My Father's Glory/My Mother's Castle (1990) review
My Father's Glory/My Mother's Castle
Director: Yves Robert
Year Released: 1990
MY FATHER'S GLORY. Marcel Pagnol's autobiography may be a fantastic read, but as a film it doesn't exactly work (granted, I have only seen My Father's Glory - there's a sequel called My Mother's Castle). The story is told from Marcel as an adult, as he reminisces about his warm, loving, Catholic-hating schoolteacher-father, and how he and his father (and strict Catholic uncle) spend the holidays in a cottage, hunting game. It's sweet, but perhaps excessively so - there isn't a devious or slightly Machiavellian bone in anyone's body. Pagnol's fondness for his past is totally askew: I'm not asking for complete disharmony (films like Nil By Mouth and The War Zone go a bit too far in the opposite direction), but a tad bit of tension would be welcome.
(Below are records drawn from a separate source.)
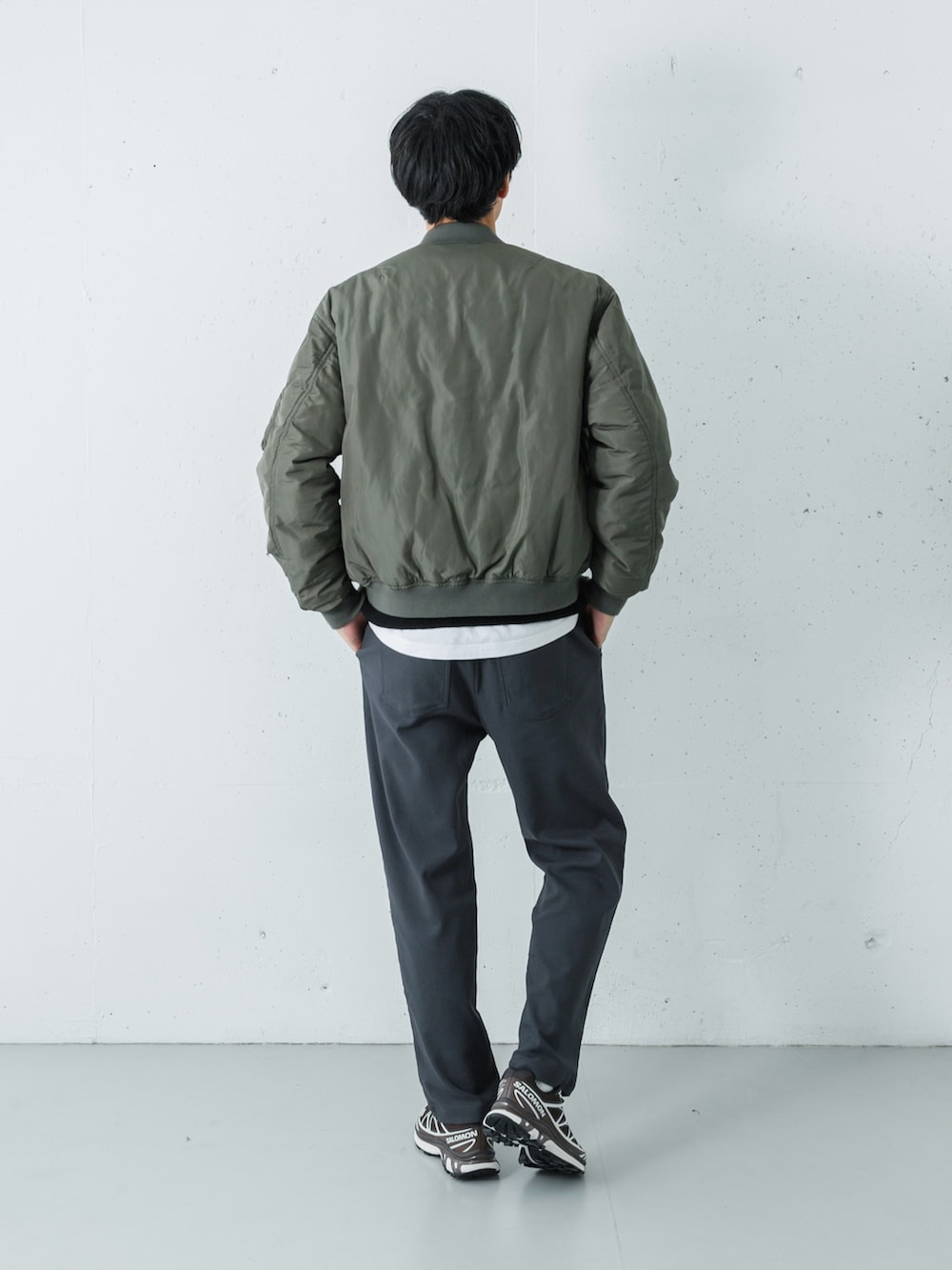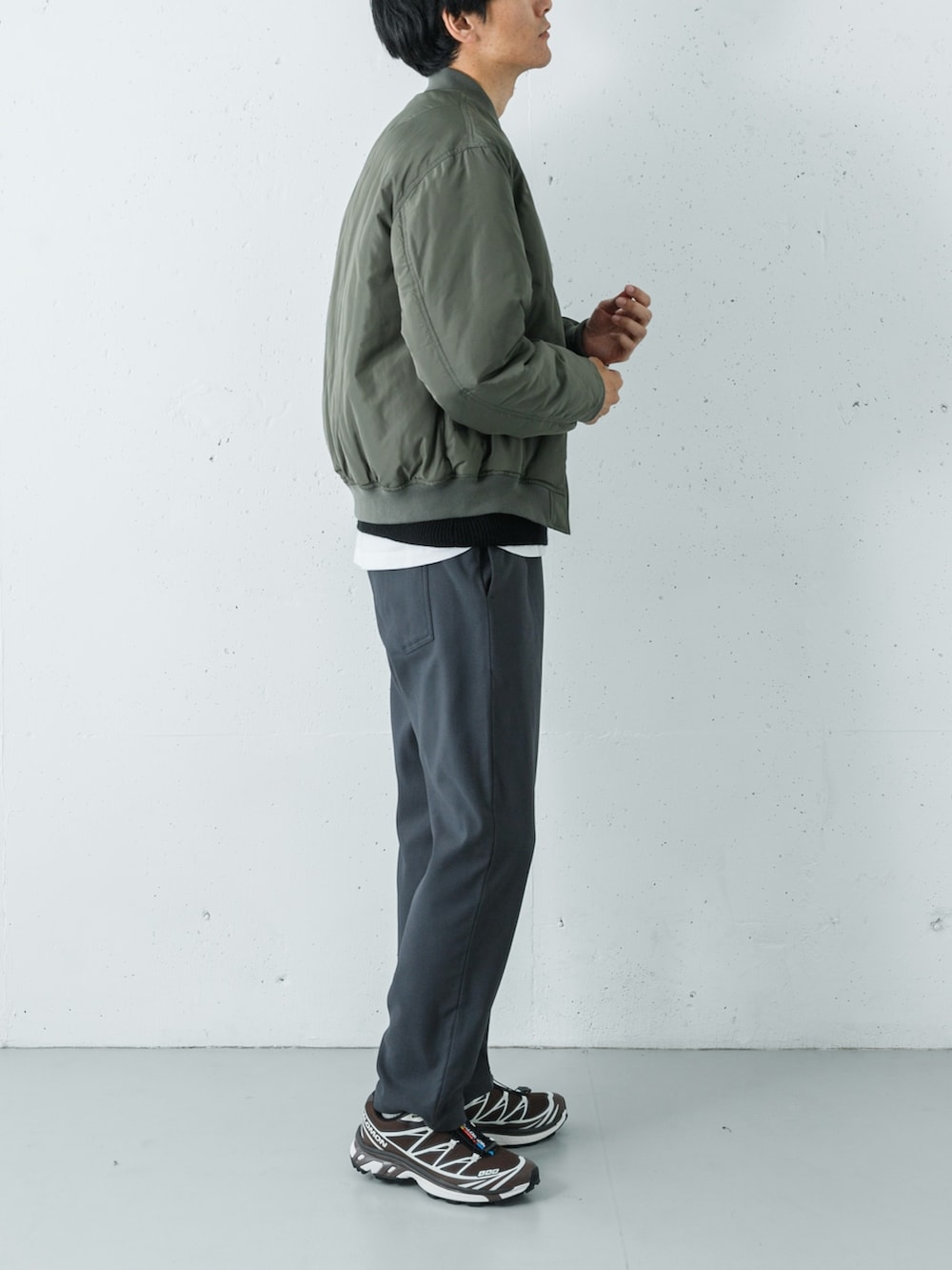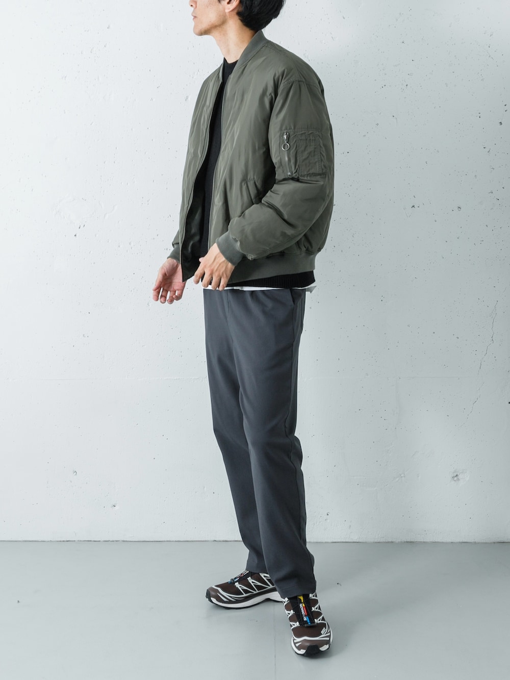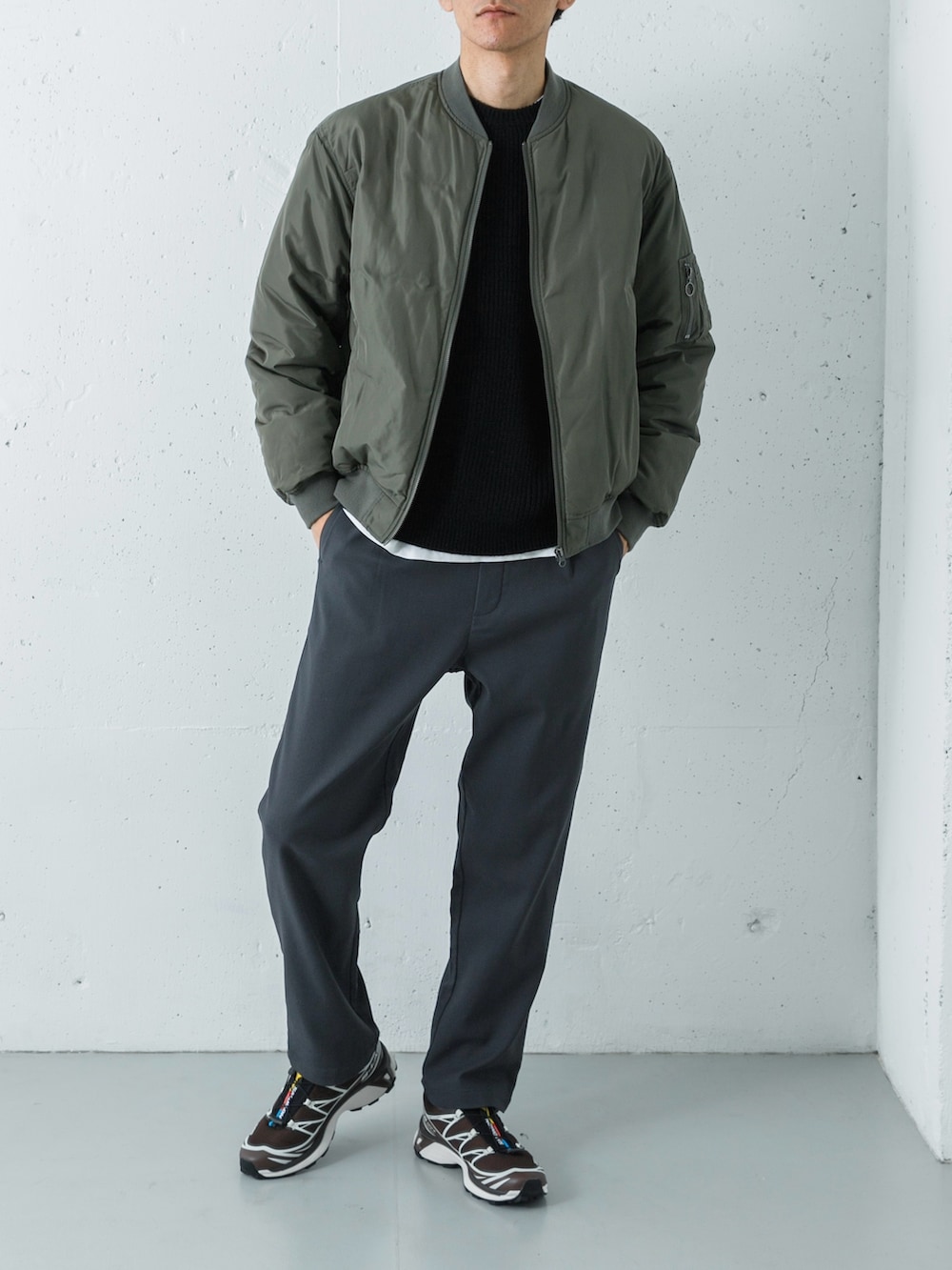 ボトムスには裏起毛のスリムイージーテーパードパンツを選び、暖かさを保ちながらもすっきりとしたシルエットにまとめました。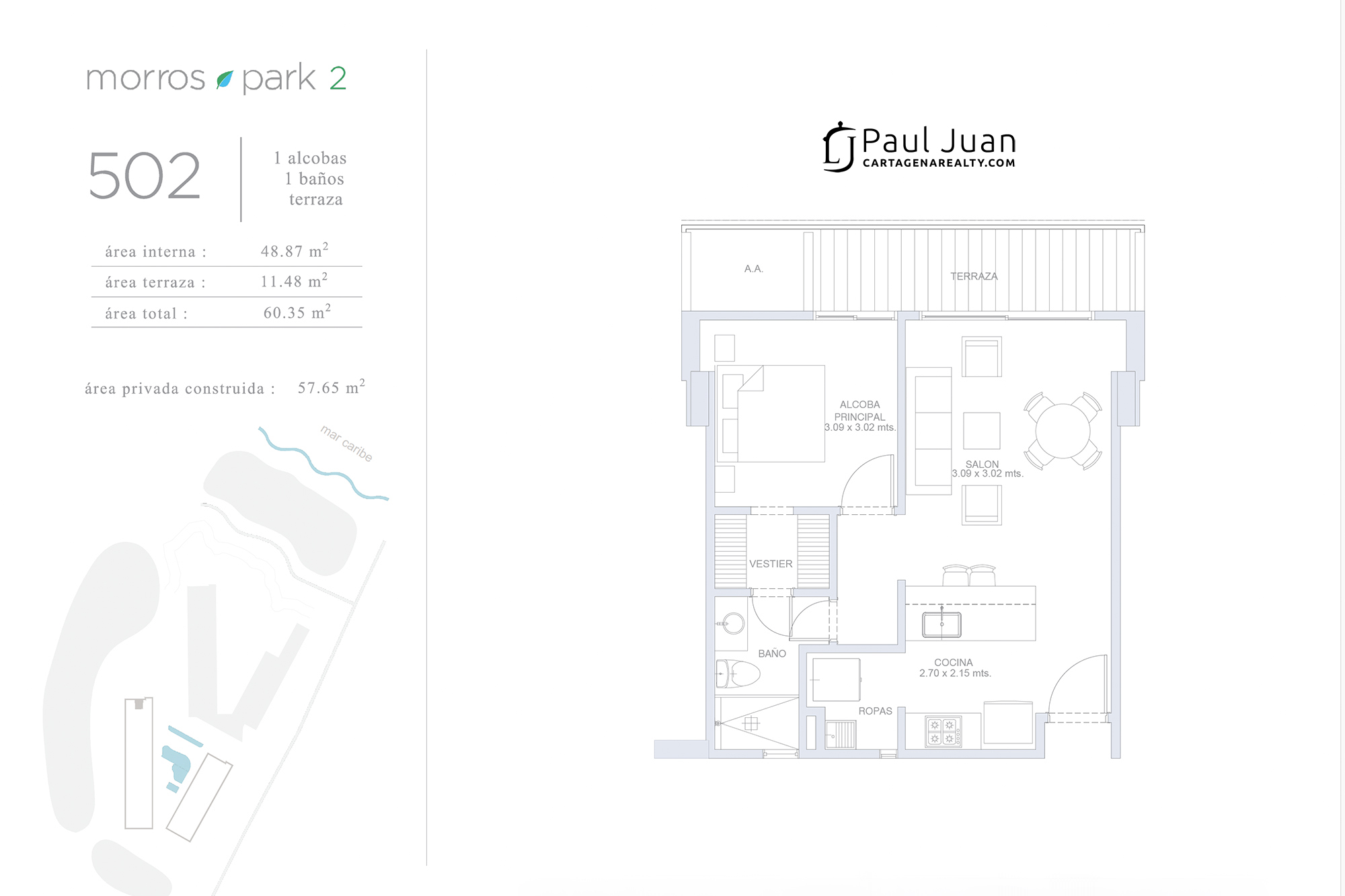 Apartments of 1 to 3 bedrooms, with areas from 581 to 1,904 Sq.Ft.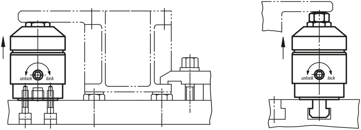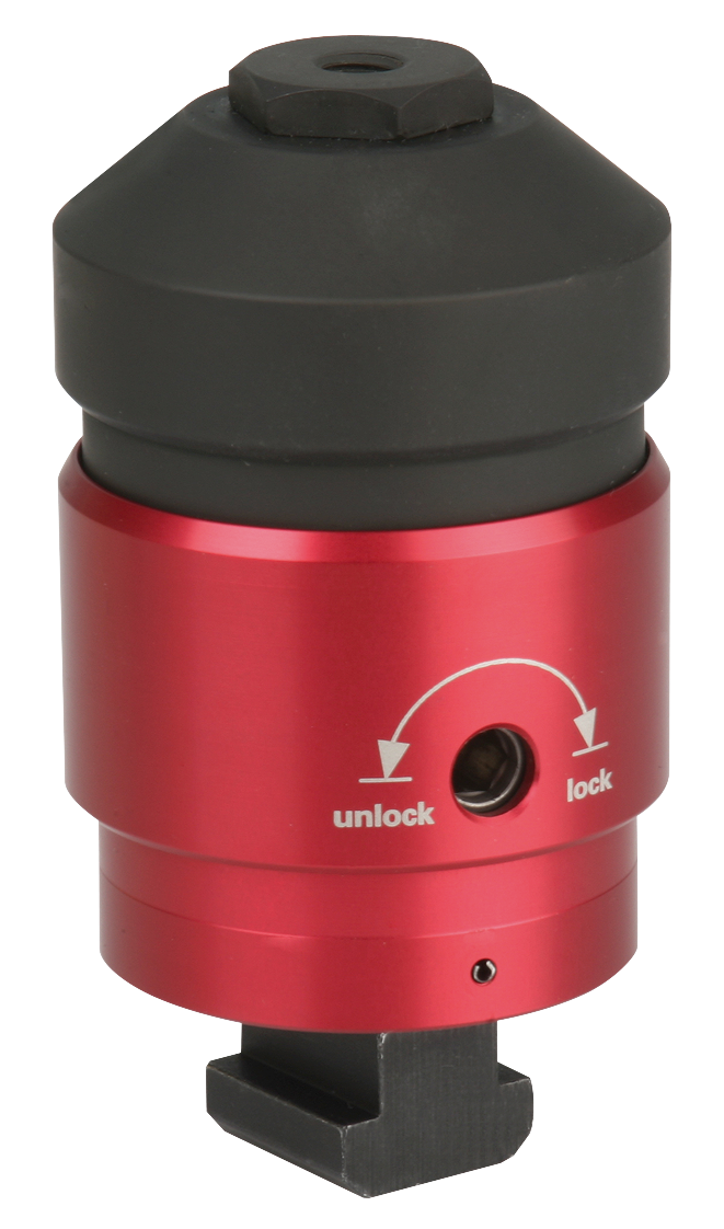 1. Durch Drehen des Spannnockens (Innensechskant SW 6) an der Mantelfläche der roten Schutzhülse legt sich der Stützbolzen mit leichter Federkraft an das Werkstück an. 2. Durch Weiterdrehen bis zum Anschlag (lock) klemmt der Spannmechanismus den Stützbolzen ohne Positionsänderung. 3. Beim Drehen in umgekehrter Richtung (unlock) löst sich die Klemmung. Bei weiterem Zurückdrehen bis zum Anschlag fährt der Stützbolzen in Endstellung.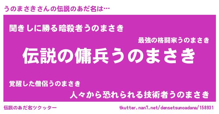 | 意味不明あだ名 | 『ペロリンうのまさき』『自称うのまさき』 |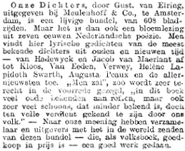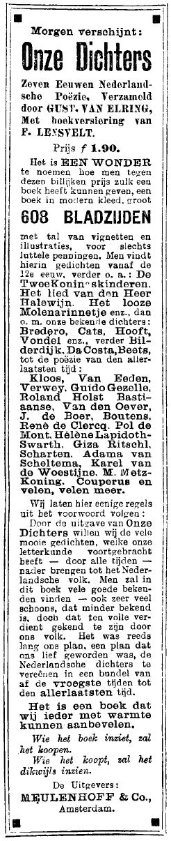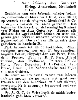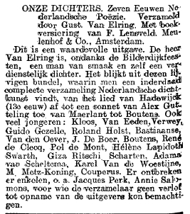 In dit werk staan geen gedichten van Herman Gorter, Jacques Perk en Annie Salomons - dichters die je anno 1908 in een bloemlezing als deze zou verwachten. Kennelijk zijn zij drie van de dichters waarvan de uitgevers, waarover in bovenstaande voorwoord wordt gesproken, weigerden toestemming tot publicatie te geven.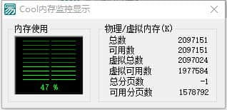 Cool内存监控显示器软件下载,一个超实用的辅助工具,可以实时监控占用的空间,让我们可以清楚的查看当前的网络状态。Cool内存监控显示器这里的每个程序都可以有一个非常快的运行通道,启动非常方便,保持良好的运行。

Nevermind ... allow me to rephrase that: I want something to happen ... period. This film is basically one act goes nowhere and rambles on for two hours: by the time all of the characters are introduced, it's over. Perhaps Robert thinks that young Marcel's obsessive love for the country life (as opposed for disdain for city life) is the "story," or that his respect for his father (hence the title) has something to do with the film's "meaning," but neither concept is well developed. An innocent but empty experience. MY MOTHER'S CASTLE. More of the same: clumsy handling of storytelling, absence of any tension or drama. There are actually two more problems in the second part that there are in the first: one involves a meaningless subplot involving the more irritating little girl you'll see in a long time (it amounts to and proves nothing), and second, there's a feeble attempt to add a villain somewhere near the end of the film that is tacked on for symbolic purposes. Whereas the film is a mostly upbeat affair, with some nice moments, the ending is depressing and abrupt, ruining any sense of cheer derived from the first two acts.